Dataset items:
···

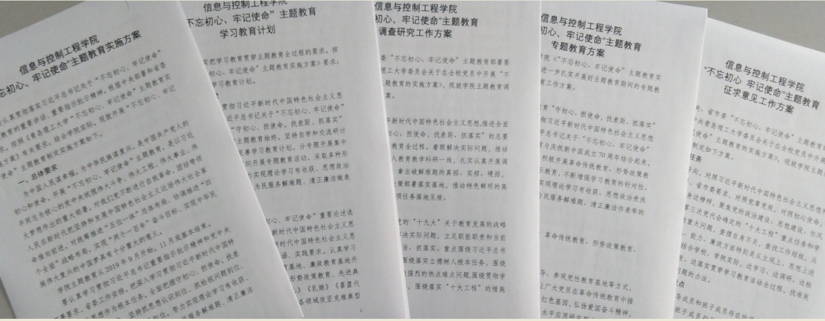 主题教育开展以来,学院认真学习领会《365完美体育“不忘初心、牢记使命”主题教育实施方案》,全面把握主题教育的总要求,聚焦初心使命,以高度的政治自觉、思想自觉以及行动自觉,扎扎实实部署好、开展好、落实好“不忘初心、牢记使命”主题教育。结合学院实际,第一时间成立主题教育领导小组,制定了《信息与控制工程学院“不忘初心、牢记使命”主题教育实施方案》、《信息与控制工程学院“不忘初心、牢记使命”主题教育学习教育计划》、《信息与控制工程学院“不忘初心、牢记使命”主题教育调查研究工作方案》、《信息与控制工程学院“不忘初心、牢记使命”主题教育专题教育方案》、《信息与控制工程学院“不忘初心 、牢记使命”主题教育征求意见工作方案》等文件。
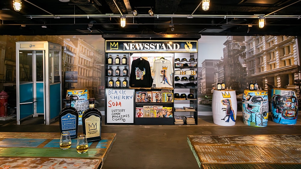 The tour turns the distillery’s impressive Barrel Tasting Room into another offshoot of Basquiat’s New York by displaying oversized Basquiat prints, decals and 1980s New York memorabilia.
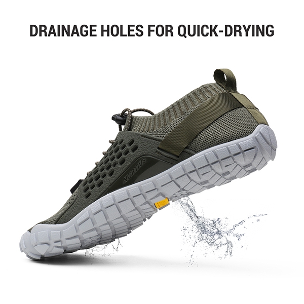 Nature lovers can't get enough of our men's water shoes. Find your stride in the lake, canoeing, or go for a swim. Protect your skin with NORTIV 8 men's water shoes. Our water shoes feature rubber pods for ultimate shock absorption. Not to mention, ten drainage holes for ventilation beyond compare. Add that to a comfortable feel and Multi-Directional Traction (MDT) for high-level grip and you have exceptional quick-drying NORTIV 8 water shoes for men.
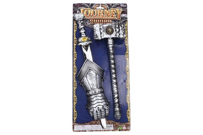 Zbraně set. Obsah balení - rukavice, meč 50 cm, kladivo 39 cm.
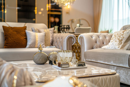 Luxury living room interior with sofa, table, mirror and gold decorations

···

Please retype all the entries word for word, omitting the pictures.

• Exercise output:
 主题教育开展以来,学院认真学习领会《365完美体育“不忘初心、牢记使命”主题教育实施方案》,全面把握主题教育的总要求,聚焦初心使命,以高度的政治自觉、思想自觉以及行动自觉,扎扎实实部署好、开展好、落实好“不忘初心、牢记使命”主题教育。结合学院实际,第一时间成立主题教育领导小组,制定了《信息与控制工程学院“不忘初心、牢记使命”主题教育实施方案》、《信息与控制工程学院“不忘初心、牢记使命”主题教育学习教育计划》、《信息与控制工程学院“不忘初心、牢记使命”主题教育调查研究工作方案》、《信息与控制工程学院“不忘初心、牢记使命”主题教育专题教育方案》、《信息与控制工程学院“不忘初心 、牢记使命”主题教育征求意见工作方案》等文件。
 The tour turns the distillery’s impressive Barrel Tasting Room into another offshoot of Basquiat’s New York by displaying oversized Basquiat prints, decals and 1980s New York memorabilia.
 Nature lovers can't get enough of our men's water shoes. Find your stride in the lake, canoeing, or go for a swim. Protect your skin with NORTIV 8 men's water shoes. Our water shoes feature rubber pods for ultimate shock absorption. Not to mention, ten drainage holes for ventilation beyond compare. Add that to a comfortable feel and Multi-Directional Traction (MDT) for high-level grip and you have exceptional quick-drying NORTIV 8 water shoes for men.
 Zbraně set. Obsah balení - rukavice, meč 50 cm, kladivo 39 cm.
 Luxury living room interior with sofa, table, mirror and gold decorations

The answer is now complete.